Emilio Ambasz: “I would turn the question around. It is not that at a certain point a fracture is created between architecture and nature: the Western vision has always led the project to consider nature as something to be overcome and overcome. By tradition, architecture is an artificial garden that does not get along with the natural one. There is no exact moment to which this break can be traced back because there has never been unity”.

Many architects today do not like to talk about sustainability, assuming that good architecture is ecological. What do you think?

Emilio Ambasz: “I divide architects into three categories. There are the architect-artists who create new models and create culture. Then there are the good architects, who don't invent anything but move excellently within the canons invented by their colleagues in the first group.

And finally there are the architects of stereotypes, who replicate the work of the former and the latter.

I'm obviously interested in architect-artists, those who create new culture: Tadao Ando, Renzo Piano, Jean Nouvel, who are also authors of ecological architecture".

What do you think of the Bosco Verticale, considered by many to be an international standard of green architecture?

Emilio Ambasz: “I am happy that there is a building with plants on the balconies”.

Does ecological architecture come from the repertoire of new eco materials or is it much more?

Emilio Ambasz: “Neomaterials are undoubtedly an important support, but in sustainable architecture it is something else that makes the difference.
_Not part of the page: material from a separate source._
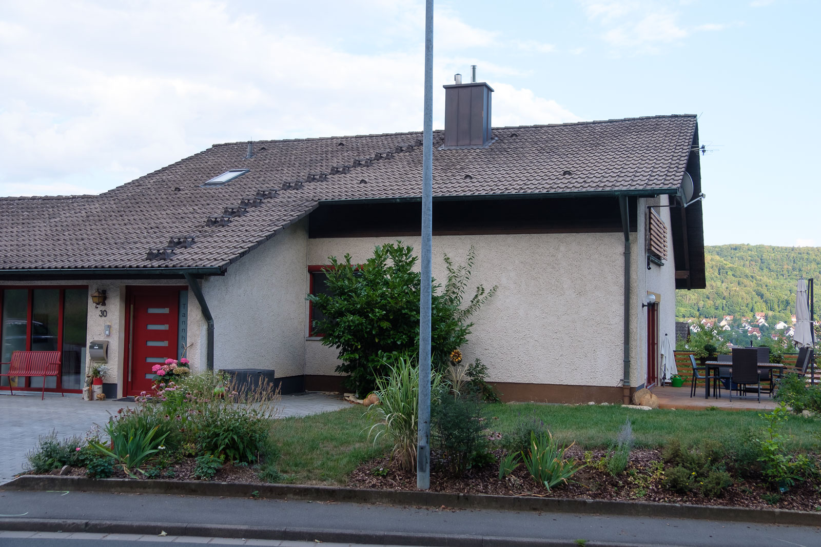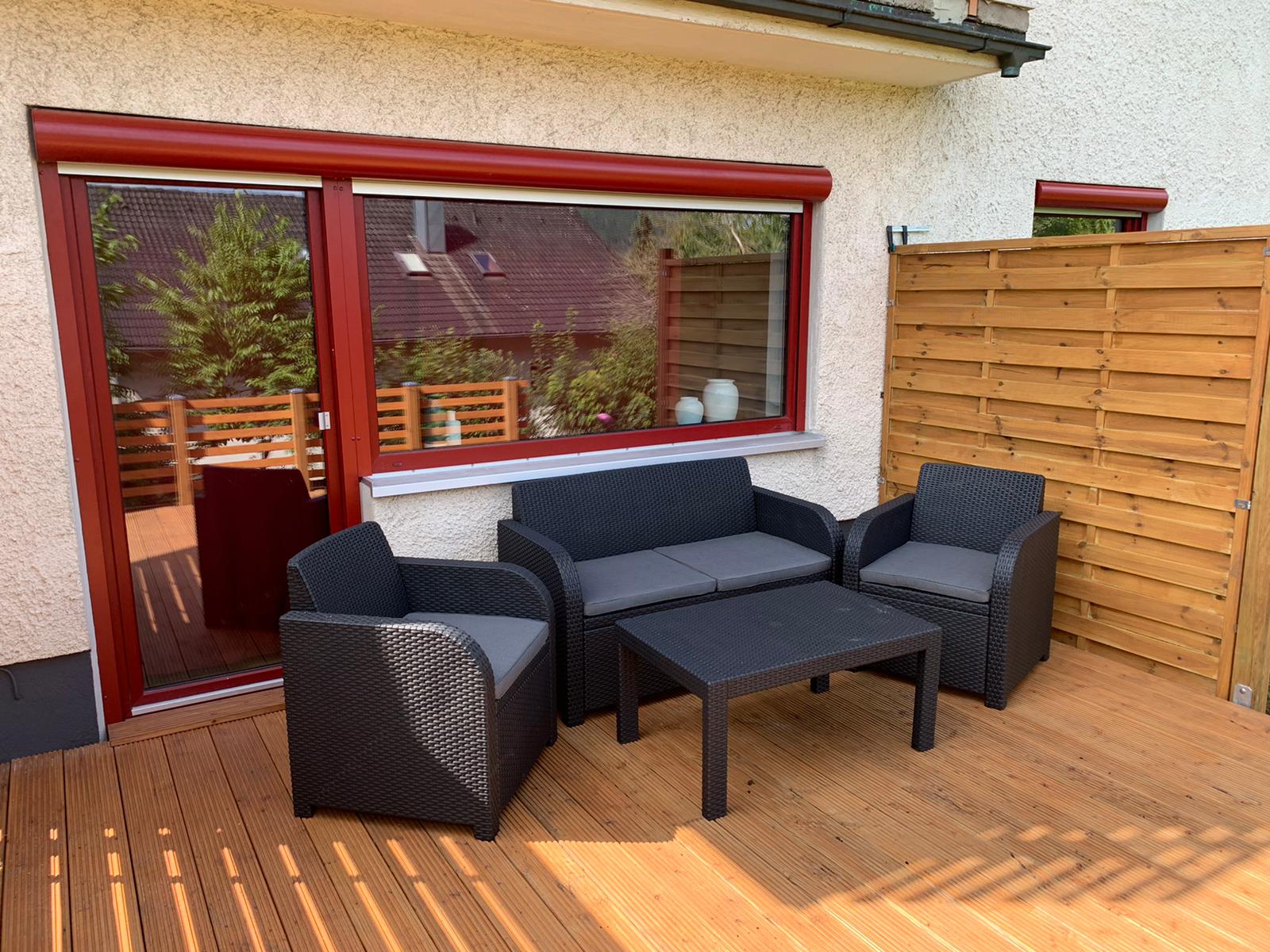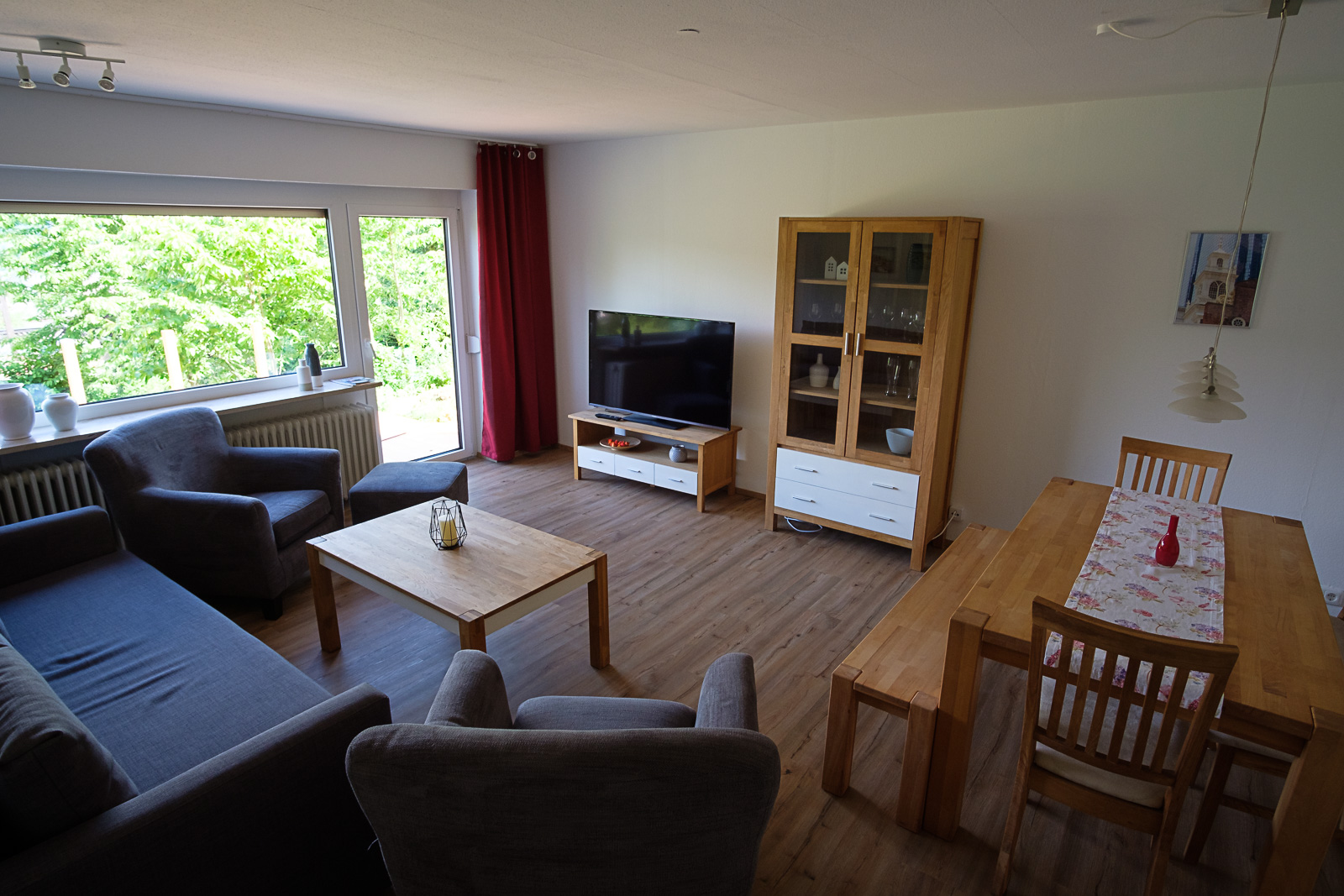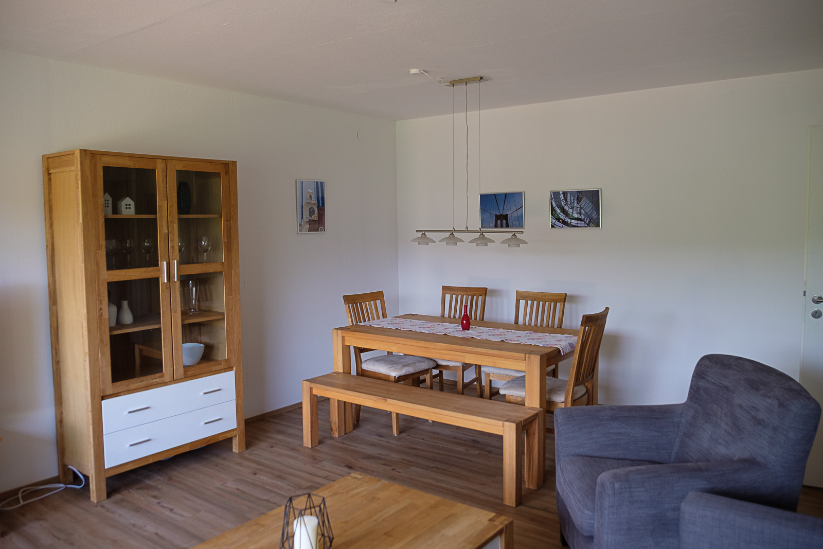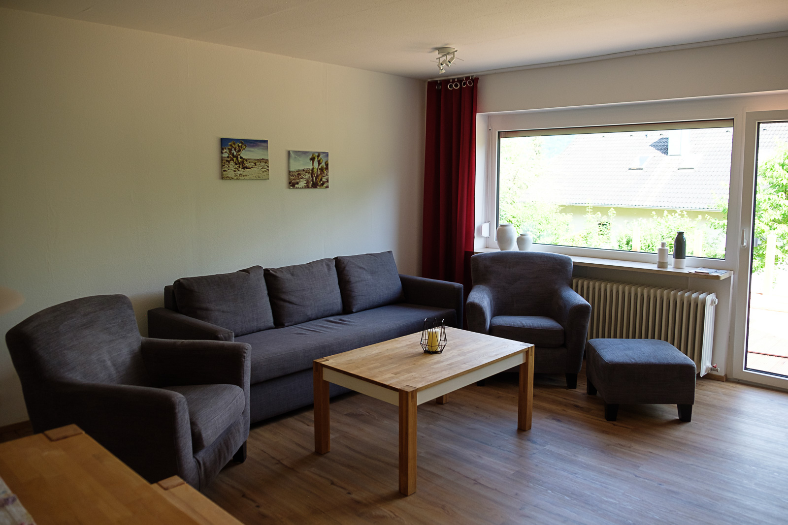 Das Wohnzimmer verfügt über einen Esstisch für 4 Personen. Nach einem aktiven Tag in der fränkischen Schweiz kann man auf der gemütlichen Sitzgruppe die Nachrichten auf dem 55-Zoll-TV verfolgen. An lauen Abenden lädt die Terrasse mit Blick auf Ebermannstadt zu einem Glas Wein ein.

There are centuries-old buildings where people live well in summer and winter without air conditioning and heating, even in very hot or very cold areas. In any case, even before good architects, you need more to have sustainable architecture”.

Or?

Emilio Ambasz: “A system of social values that is reflected in the fiscal one. If we want an ecological architecture, we have to provide a system of reductions and benefits for those who choose the virtuous path.

Tax laws are the mirror in which the values of a company are reflected: I can say that I have the noblest objectives in terms of the environment, but if I don't help the designers and the public to achieve them, those objectives remain abstract".

Is there an Italian scene of sustainable design like the new domestic landscape was fifty years ago?

Emilio Ambasz: “I hope it exists. Italian architects are good, great talents are poorly supported”.